Abrammuo (goldweights)
Cast-brass counterweights used across Akan societies to measure gold dust in trade, manufactured by lost-wax casting from roughly the fifteenth century until c.1900.
Abrammuo (singular mramuo) are the brass counterweights of the Akan gold-dust weighing system, cast by specialist smiths using the lost-wax (cire perdue) process. They range from small geometric forms — discs, coils, crosses, cylinders — to figurative pieces encoding proverbs, court scenes and cosmological references.

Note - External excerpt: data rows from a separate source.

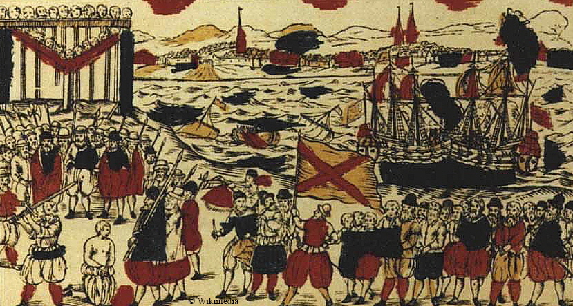 ↑ Hinrichtung von Vitalienbrüdern im Jahre 1401. Darstellung auf einem damals üblichen Handzettel mit Begleittext: Anno 1401. haben die Hamburger den berühmten See-Räuber Claus Störtebeck / nebst noch einem / Wichmann genannt / bey das Heilig-Land angetroffen / worauff sie die See-Räuber tapfer angegriffen / bey 42. Mann erschlagen / und 70. gefänglich in Hamburg gebracht / welche alle auf dem Brocke sind enthauptet / und ihre Köpffe auf Pfähle gestecket; der Scharfrichter so sie gerichtet / hieß Rosenfeld. Zum Gedächtniß dieser / oder der Hamburger rühmlichen That (welche Ehre / nebst GOtt / dem Herrn Simon von Utrecht / Herrn Hinrich Jenefeld / und Herrn Claus Schacke / Raht-Männer zu Hamburg / und Haupt-Leute auf den Schiffen zuzuschreiben ist) hat man eine stattliche Silber-Geschirr so in der Schiffer Gesellschafft befindlich machen lassen / aus welchen Fremde und Einheimische die Gesundheit zu trinken pflegen / und wird dabey ein Buch überreichet / in welchen jedweder seinen Nahmen / nebst einem Gedenck-Spruch einzuschreiben pflegt / und solch Geschirr wird der Stürtzebecher genannt. Im selbigen Jahr sind abermahl 80. See-Räuber aufgebracht / deren Hauptleute waren Gödecke Micheel und Gottfried Wichold / promovirter Magister Artium, sie wurden gleichfals auf dem Brocke enthauptet / und ihre Köpffe auf Pfähle / zu den vorigen gestecket.
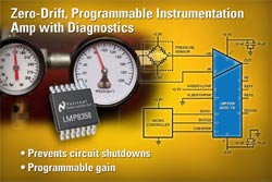 National Semiconductor Corp. (NYSE : NSM) a présente le premier amplificateur d’instrumentation programmable sans dérive, à diagnostic intégré. Le LMP8358 simplifie les mesures mettant en jeu un capteur de pression ou un thermocouple, en permettant aux utilisateurs de détecter les courts-circuits, les circuits ouverts et autres mauvais contacts, dans le cas d’applications industrielles à distance. Cette capacité de diagnostic évite les pannes dans les instruments médicaux, les balances de précision, les capteurs de pression ou les systèmes de contrôle moteur.
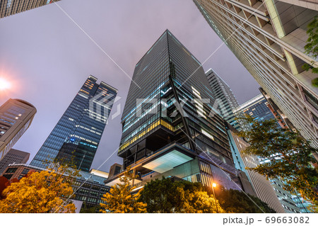 日本の東京都市景観 大手町駅とつながる超高層ビル「東京サンケイビル」などを望む
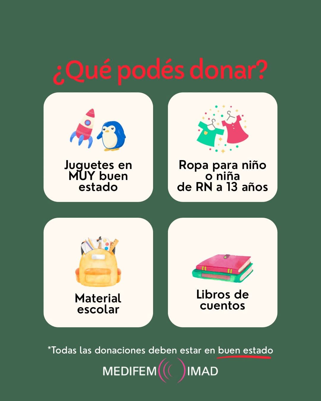 - Merendero “Luchemos Juntos”, Chaco 1875 y Alem 180 (reciben en Medifem).
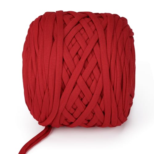 VynyQoo Polyester T-shirtgarn för Virkning, Garnnystan 105 m, 2 cm Brett, Tjockt Garn för Nybörjare för Virkade Väskor, Korgar, DIY-Projekt och Heminredning(röd)
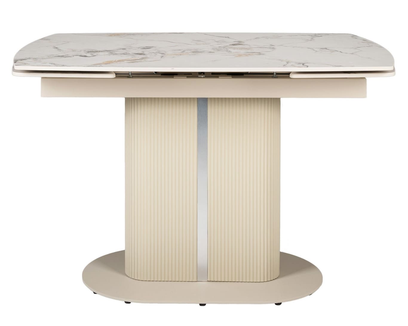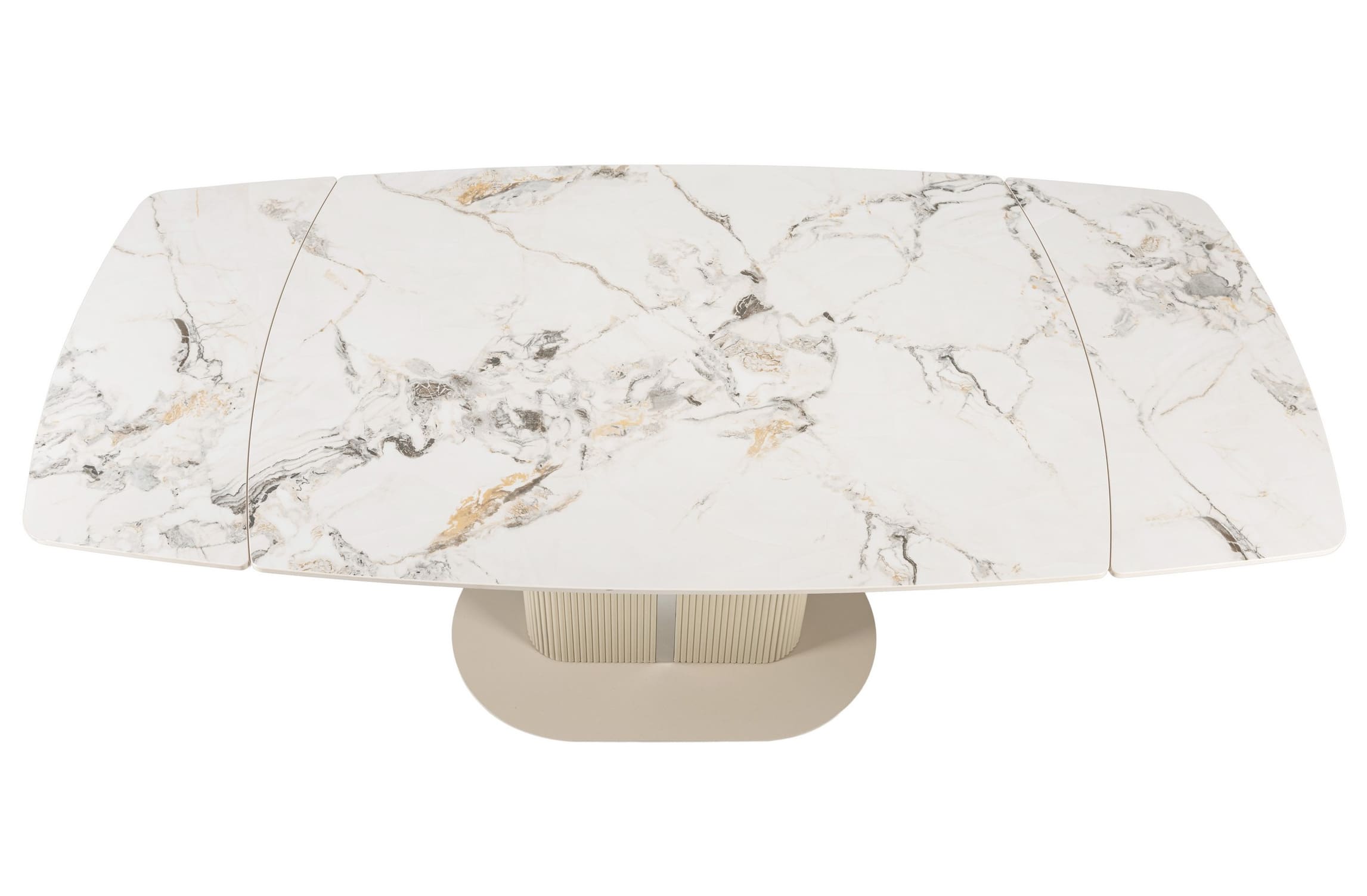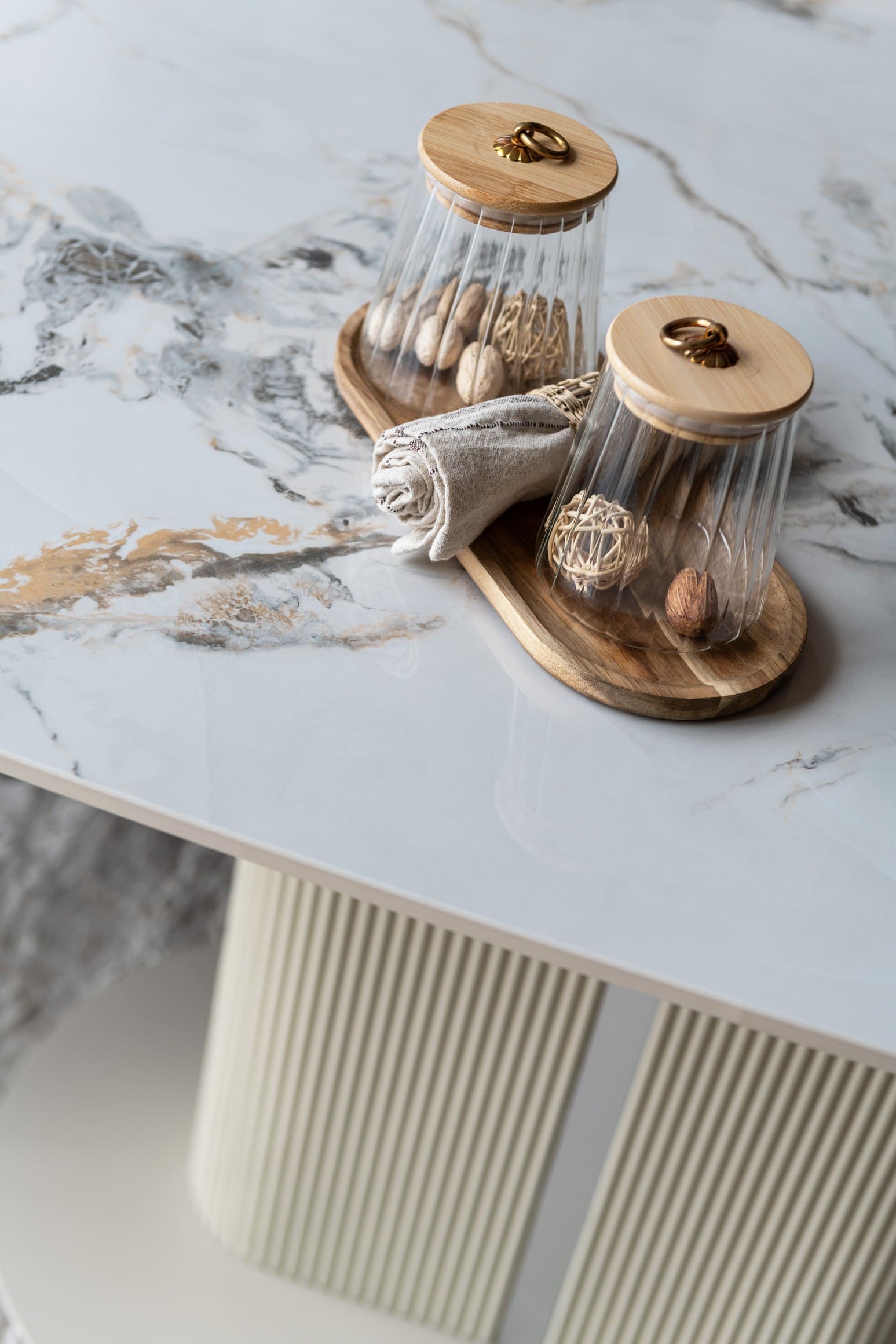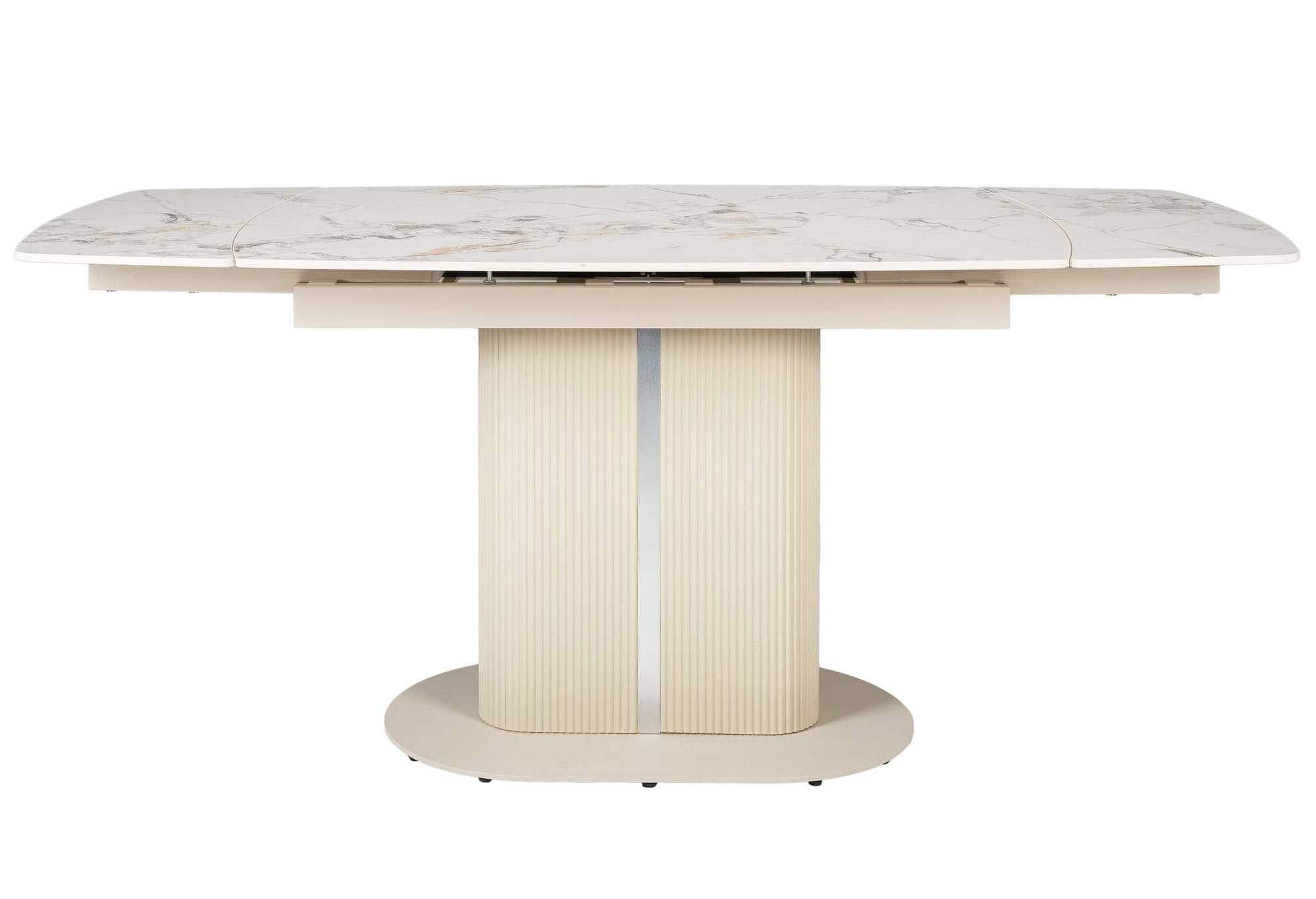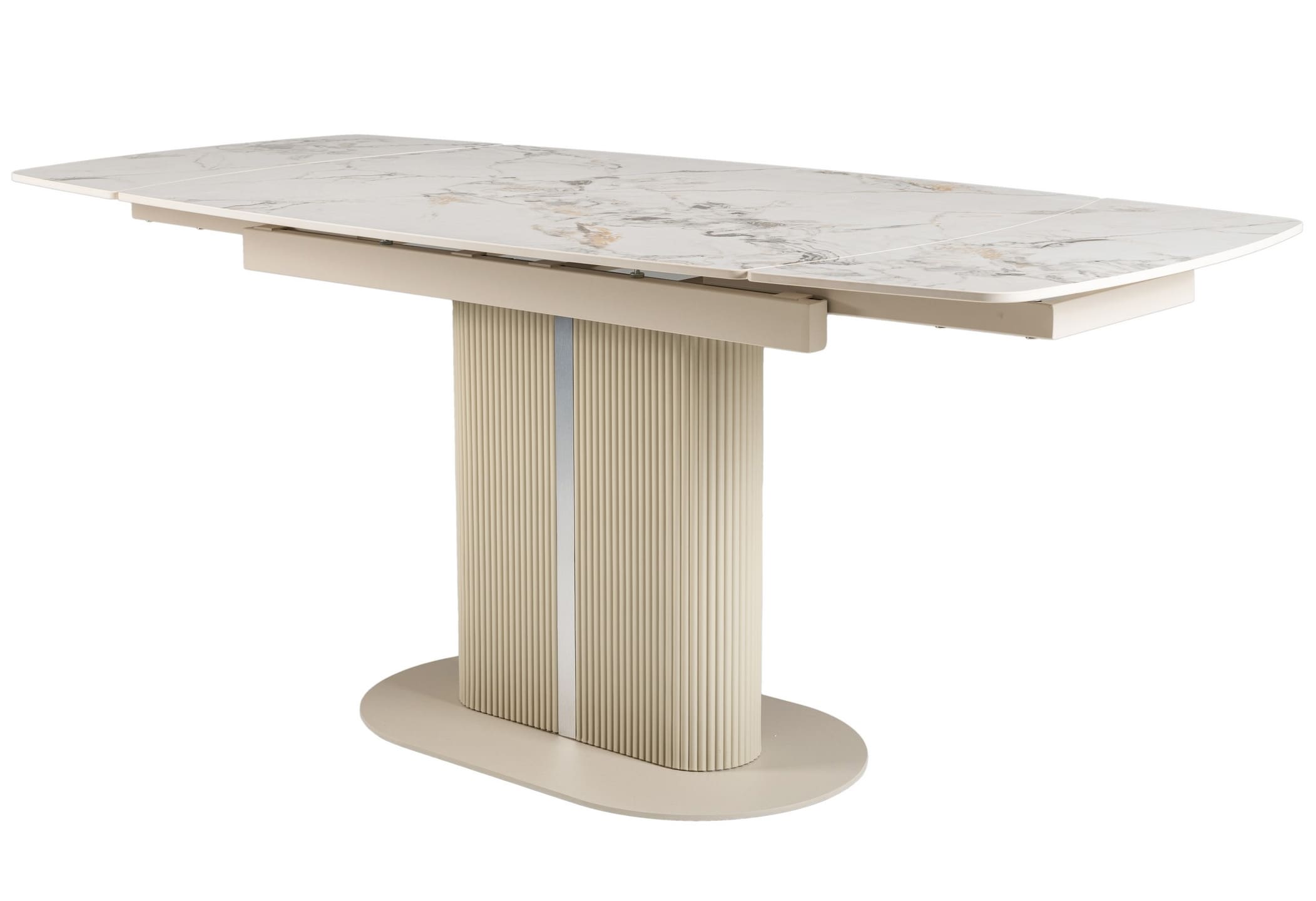 Основа поєднує пофарбований МДФ і метал у бежевому тоні, додаючи конструкції легкості та водночас надійності. Прямокутна форма та збалансовані пропорції дозволяють столу гармонійно вписатися в сучасний мінімалізм, скандинавський стиль чи більш класичний інтер’єр, роблячи його центральним елементом кімнати.

Timothy Garrard's foundational research established a typological and chronological sequence based on changing weight standards and alloy composition, demonstrating that the system responded to successive trade relationships with North African Saharan partners and, from the sixteenth century, with European merchants on the Atlantic coast.
The figurative weights are among the most documented examples of proverb-based iconography in African art: each recognisable type corresponds to a specific saying (ebe), and the weighing transaction was itself an occasion for moral commentary. Production of trade-use weights effectively ceased around 1900 following British currency imposition; the twentieth century saw large-scale manufacture of imitation weights for tourist sale, making authentication one of the central challenges in collecting this category. Scholarly consensus, following Garrard and Doran Ross, holds that specific gravity, surface finish, and conformity to documented weight standards are the most reliable diagnostics.